Abstract

The objective of this research was to perform a survey of different garages in seven (7) districts of the Republic of Congo and to further study the influence of biosurfactant produced by isolate M28 (Bacillus subtilis based on fib-E gene identification and RNA 16S gene sequences) and a consortium of selected bacteria on soil remediation. A total of 140 garages were found in Brazzaville. The evaluated soil samples showed that total petroleum hydrocarbons (TPH) content varied from 165 to 206 g/kg of soil. Unfortunately, in the Republic of Congo, the regulatory intervention values for TPH have yet to be determined. Four experiments were conducted in order to improve bioaugmentation. First experiment: wild contaminated soil and bacteria: The second experiment included wild contaminated soil, bacteria, and a biosurfactant; the third experiment included wild contaminated soil, a consortium, and a biosurfactant. Surfactin, a biorsurfactant produced by M28, was used to enhance bioaugmentation of wild contaminated soil from a garage from Bacongo.

1. Introduction

The release of contaminants such as hydrocarbons and their by-products into the environment is one of the main causes of global pollution. Anthropogenic activities are related to the current increase in industrialization and civilization. The main sources include volcanic eruptions, leaking underground storage tanks, gas station services, wastes from chemical and petrochemical industries, vehicular exhausts, garages, etc. One of the most serious problems in Brazzaville resulting from garage activities is the inadequate handling of petroleum waste from vehicle exhausts.
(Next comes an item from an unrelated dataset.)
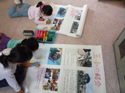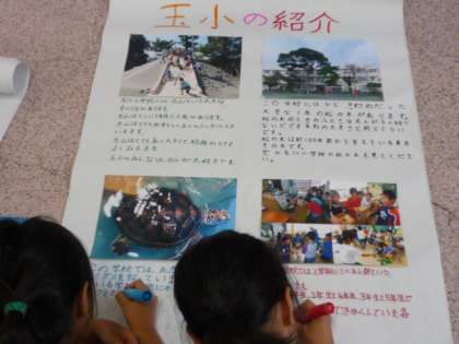4年生の前期の代表委員の人たちが、11日に行われる3校合同避難訓練の後の学校紹介のために、中町小と玉川中に学校の紹介ポスターを作成しています。玉小の大きな松と力山とアオウミガメのことを紹介しています。放課後の時間を使っての作業ですが、丁寧に作り上げていて、当日の発表が楽しみです。

Studies leading to higher degradation rates of these potential contaminants are of interest, especially so when considering pollution risks to people living within the boundaries.

These garages generate a million tons of waste engine oil, which is then carelessly dumped into the environment ¹. Up to this date, no study has been conducted in the Republic of Congo to evaluate the impact of garages on the environment based on their working conditions. Little information is known about the health hazards associated with time spent in garages. Conditions of occupational and user exposure were evaluated during the survey. It is important to note that, unfortunately, in the Republic of Congo the regulatory intervention values for total petroleum hydrocarbon (TPH) is yet to be determined. The oily wastes are often expensive to destroy, and contaminated areas required expensive remediation processes to reduce the dispersion of contaminants. Physical, chemical and biological processes are employed for remediation. Physical and chemical methods are neither environment friendly nor cost-effective. In past years, bioremediation, a biological method, has emerged as an effective and environmentally approachable treatment for contaminated soils. Most of those compounds are removed from the environment through the consumption by microbes. The release of biosurfactants is one of the strategies used by microorganisms to influence the uptake of PAHs and hydrophobic compounds in general ². Surfactants of biological or chemical origins have been used to improve bioavailability of water-immiscible compounds.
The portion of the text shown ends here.